Max Boot's "How the 'Stupid Party' Created Donald Trump" is, in part, a stunning validation of the Dunning-Kruger Effect. Or perhaps I should say that Boot voiced a collective validation of The Effect. For I've no doubt that, among others, the Heritage Foundation, the Wall Street Journal editorial board, Bill Bennett and House Speaker Paul D. Ryan ("who," says Boot, has "devised an impressive new budget plan for his party") would all agree with the author that they are living contradictions of modern conservatism's anti-intellectualism; that they are the intellectual cat's meows.
After seeing the title of Boot's op-ed this morning but before reading a word of it, I retrieved my copy of Hofstadter's Anti-Intellectualism in American Life, just to see what gems might be re-gleaned on Boot's subject. I made a couple mental notes, but one was unnecessary, for Boot, I soon found, had landed on the same:
By the 1950s, it had become an established shibboleth that the "eggheads" were for Adlai Stevenson and the "boobs" for Dwight D. Eisenhower — a view endorsed by Richard Hofstadter’s 1963 book "Anti-Intellectualism in American Life," which contrasted Stevenson, "a politician of uncommon mind and style, whose appeal to intellectuals overshadowed anything in recent history," with Eisenhower — "conventional in mind, relatively inarticulate."

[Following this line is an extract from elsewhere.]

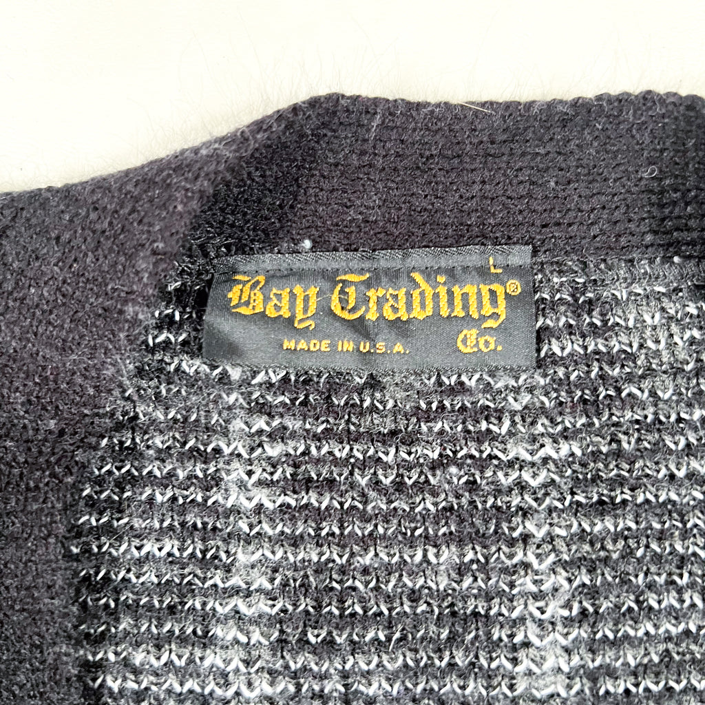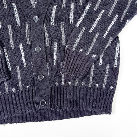 vintage bay trading cardigan, 80s knit sweater, made in usa cardigan, retro button-up sweater, mens vintage knitwear, gray patterned cardigan, minimalist vintage sweater, 1980s style cardigan

Hofstadter was right about Eisenhower's conventionality but wrong about his lack of articulation. (Some of his public statements were deliberately muddled "to preserve his political room to maneuver," writes Boot, correctly. Much of Ike's private prose, however, was strikingly eloquent.) There was also this from Hofstadter, unquoted by Boot:
In 1952 only intellectuals seemed much disturbed by the specter of [McCarthyism's] anti-intellectualism; by 1958 [post-Sputnik, post-McCarthy] the idea that this might be an important and even a dangerous national failing was persuasive to most thinking people.
To most thinking people. That of course is one key to the non-mystery of contemporary conservatism's anti-intellectualism: Thinking people were shifting their partisan allegiances, leaving unthinking people as those to whom the GOP had to pander. Another key — directly related — is Barry Goldwater, a name you won't find in Max Boot's brief history of Republican anti-intellectualism. He cites Ronald Reagan's endorsement of the party's 1964 nominee (again, not by name) and Reagan's contemporaneous opposition to "a little intellectual elite in a far-distant Capitol." But that's it. "Here’s the thing," observes Boot. "The Republican embrace of anti-intellectualism was, to a large extent, a put-on. At least until now." Until, that is, Donald Trump.
Boot concedes that in the interim — betwixt the 1960s and today — "Republicans embraced [anti-intellectualism] for their own political purposes." But it was far more than that. Goldwater embraced anti-intellectualism because he was unlearned (even he admitted that much). He saw the world in black-and-white frames, which is characteristic of the unschooled, uncurious mind.
Goldwaterism almost immediately inaugurated the New Right, which was even more genuinely ignorant than Goldwater. Critical constituents of the New Right were Christian evangelicals, who were doctrinally uncurious and faithfully proud of their ignorance. Reaganism was a prominent product of the New Right, replete with the utter anti-intellectual absurdity of supply-sided economics. From there Republicanism moved to Gingrichism, which made a religion of partisan malevolence and one-dimensional thinking. Then we experienced Bushism, which, through neoconservatism, treated the world to Republicanism's authentic dunderheadedness. Then on to overtly racist Tea Partyism and the natural, vile excrescence of Donald Trump.
Throughout, Hofstadter's observation held true: Most thinking people were persuaded that anti-intellectualism was a "dangerous national failing." To the Republican Party, however, ignorance and hostility to the arduousness of thought was an art — one practiced so consistently, it became the concreted foundation of modern Republicanism itself.
Indeed the Republican Party so eagerly saturated itself in stupidity it became unable to gauge just how stupid it was; time and again, it overestimated the lasting power of its insidious pandering and convinced itself that somehow its corrosive stupidity was brilliant. The party is a tragic victim of the Dunning-Kruger Effect.